É neste nível corporativo que Deus é dito decretar eleição de antemão, desde toda a eternidade. Isto é verdade tanto da eleição mediante Jacó para o Israel físico (que são ditos “dantes conhecidos” como povo; isto é, corporativamente escolhidos de antemão por Deus; Romanos 11:2) e da eleição mediante Cristo de Seu Corpo, que são semelhantemente ditos serem “dantes conhecidos” aqui em Romanos 8:29 e “escolhidos nEle [isto é, em Cristo], desde a fundação do mundo” em Efésios 1:4. Note que esta eleição anterior de crentes é dita ser “nEle” (isto é, em Cristo). Como argumentado acima, isto não é uma eleição primária de indivíduos em si, mas de fato aplica-se a indivíduos apenas enquanto eles são considerados em união a Cristo, como membros de um Corpo corporativo (cf. Robert Shank, Elect in the Son: A Study of the Doctrine of Election, Minneapolis, MN: Bethany House, 1970,1989, pp. 45-55). Existe uma ênfase corporativa semelhante em outro termo escritural referente a uma determinação prioritária acerca dos crentes: predestinação. Crentes são ditos a ser “predestinados para ser conformes à imagem do Filho de Deus” (Romanos 8:29). Enquanto o termo “pré-conhecido” enfatiza a escolha anterior ou eleição de crentes corporativamente para ser aqueles que irão participar das bênçãos de Cristo, o termo “predestinado” reforça esta determinação anterior do objetivo da eleição, a saber, que crentes virão a corporativamente compartilhar o caráter de Cristo em amor, santidade, e verdade (serem “conformes à Sua imagem”). Esta natureza corporativa da eleição, geralmente ignorada em discussões teológicas, pode ser claramente vista em Efésios 4:11-16, em que é o “corpo de Cristo” considerado como um todo (isto é, não meramente crentes individuais) é dito crescer “em homem maduro, à medida da estatura da plenitude de Cristo”. A “plenitude de Cristo” aqui mencionada é a mesma conformidade a Cristo mencionada em Romanos 8:29 como sendo o objetivo da predestinação. (Espero explorar mais completamente esta natureza corporativa da predestinação à imagem de Cristo em um futuro ensaio.)

Meu ponto, então, acerca de Romanos 8:28-30 é que a passagem inteira faz referência ao Corpo Eleito de Cristo da perspectiva corporativa acima descrita, não de uma perspectiva individual.

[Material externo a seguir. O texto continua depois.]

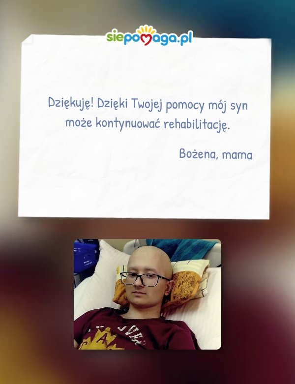 W minionym miesiącu społeczność naszej szkoły włączyła się w zbiórkę pieniędzy dla Piotra Kozaka. Piotrek jest uczniem ZSBiO w Biłgoraju i od ponad roku zmaga się ze złośliwym nowotworem - chłoniakiem B-komórkowym. Choroba zaatakowała centralny układ nerwowy, przykuwając Piotrka na długie miesiące do łóżka, jednak poprawa stanu zdrowia umożliwiła rekonwalescencję. Widoczne są pierwsze efekty poprawy, ponieważ chłopiec porusza się na wózku inwalidzkim. Rodzina Piotrka została poddana ciężkiej próbie, ale się nie poddają, choć walka z tym przeciwnikiem jest nierówna. Każda złotówka zwiększa szansę na powrót chłopca do zdrowia i umożliwia mu skorzystanie ze specjalistycznej rehabilitacji. Udało nam się zebrać 465 złotych 70 groszy. Pieniądze trafiły już na konto Fundacji Siepomaga. Jest nam niezmiernie miło, że chociaż w taki symboliczny sposób mogliśmy włączyć się w pomoc Piotrkowi.

Paulo não diz que Deus determinou de antemão os indivíduos específicos que seguirão os estágios descritos nos versos 29-30. Em vez disso, Paulo está enfatizando a fidelidade de Deus em intencionalmente realizar Seu propósito de estabelecer um Corpo glorificado de crentes assumindo a imagem de Seu Filho. Paulo não aborda nestes versos a questão de em que base a participação em tal Corpo se constitui, ou se esta base para participação pode ser relacionada a fatores contingentes ao exercício do livre arbítrio humano. Estas questões Paulo responde em outros locais no capítulo quatro e novamente no capítulo onze; a saber, que a união com Cristo para qualquer dado indivíduo é contingente ao exercício livre do indivíduo e perseverança em fé (veja discussão dessas passagens abaixo).